Утром, придя на работу, Мария, к своему удивлению, увидела Бронислава Петровича, который, против своего обыкновения, сам пришел к ней. Из-за аварии в системе водоснабжения бани были закрыты, и Мария отпросилась у директора, соврав, что заняла очередь за крупой.
– Броня, а почему мы не должны говорить, что Тамара сломала ногу? – стала выяснять причину непонятной конспирации она. – Ее же все ищут.
– Это твоей завхозихи причуда, – отворачивая лицо и пряча глаза, пояснил Христофоров. – Она же мыло на продукты меняла в той квартире.
– А меня попросила прийти зачем?
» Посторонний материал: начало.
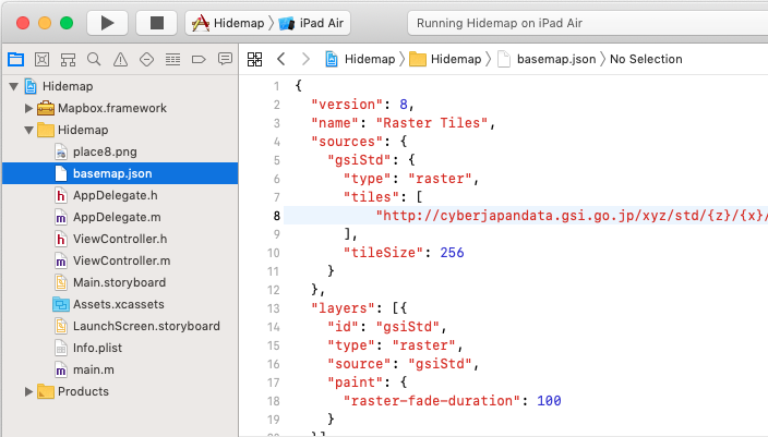 このファイルの内容はmapbox-gl-native for ios で地理院地図を表示してみるのそのまんまです
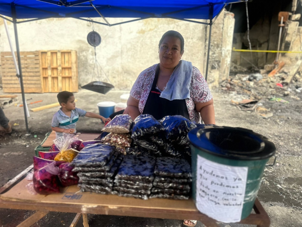 En uno de los extremos de la calle, Leslie Janeth Oseguera, vendedora de insumos para jugos naturales, ya había logrado instalar su pequeño negocio. Con ayuda de su familia y de algunos proveedores, compró una carpa, llevó mesas y colocó mercadería fiada, intentando empezar de nuevo en el mismo lugar que por años fue su sustento.

Может, ключи хотела мне передать?
– У вас же с ней свои дела, – как можно равнодушнее произнес Христофоров, пытаясь унять нервную дрожь в голосе.
– Это правда, у нас с ней общие тайны, – немного успокоилась женщина.
Они вышли из холодного здания на еще более леденящую улицу. Мария вспомнила комфортное, теплое утро – когда она уходила, дочка сладко спала в протопленной принесенными ночью дровами комнате, даже кашель ее не мучил.
– Ты карточки взяла с сабой? – поинтересовался Христофоров.
– А что? – не поняла Мария.
– Может, где отоварим по дороге, – как можно спокойнее пояснил мужчина.
– Да, – кивнула женщина, – они всегда со мной.
На улице было много прохожих, и все поголовно были покрыты инеем так же, как электрические провода, фонари освещения, деревья. Это придавало окружающему какую-то ирреальность, и у Марии возникло ощущение недействительности происходящего, словно она попала в театральные декорации. Ей стало неуютно и немного страшно. Она взяла Христофорова под руку, прижавшись к нему посильней.
– Скоро брат выйдет из госпиталя, тогда, может, я прекращу с Тамарой подрабатывать в банях, – поведала она свои мысли.
– Если тебе это претит и ты из-за меня на это пошла, то можешь не ждать брата, так и скажи своей подруге сейчас, – зло пробормотал Христофоров.
– Ну, не только из-за тебя, и из-за нашей дочери тоже.
– Послушай Мария, – замедлил шаг Христофоров, – скажи мне правду. Катя на самом деле моя дочь?
– Ты что, Броня? Разве такими вещами шутят? – разозлилась Мария. – Иначе разве сказала бы я своей семье, что ты ее отец, когда на меня все из-за кошки набросились?
– Да я просто хотел убедиться, что ты меня не обманула, – испугался ссоры Христофоров. Вдруг женщина тогда не пойдет в расставленную западню?
Они поравнялись с газетным киоском, в который стояла небольшая очередь.
– Подожди, я газетку куплю, – попросил Бронислав Петрович.
– Сегодня «Ленинградская правда» вышла в пол-листа, – откликнулся на его слова пожилой мужчина, за которым Христофоров встал в очередь.
– Ну хоть узнать, что там на фронте… Или, может, продовольственные нормы увеличат… – ответил ему Бронислав Петрович, который на самом деле почувствовал смутный страх и захотел немного подумать, пока еще было время.
– Да все одно на самокрутки пойдет, – продолжил словоохотливый мужчина. – Так ведь, товарищ?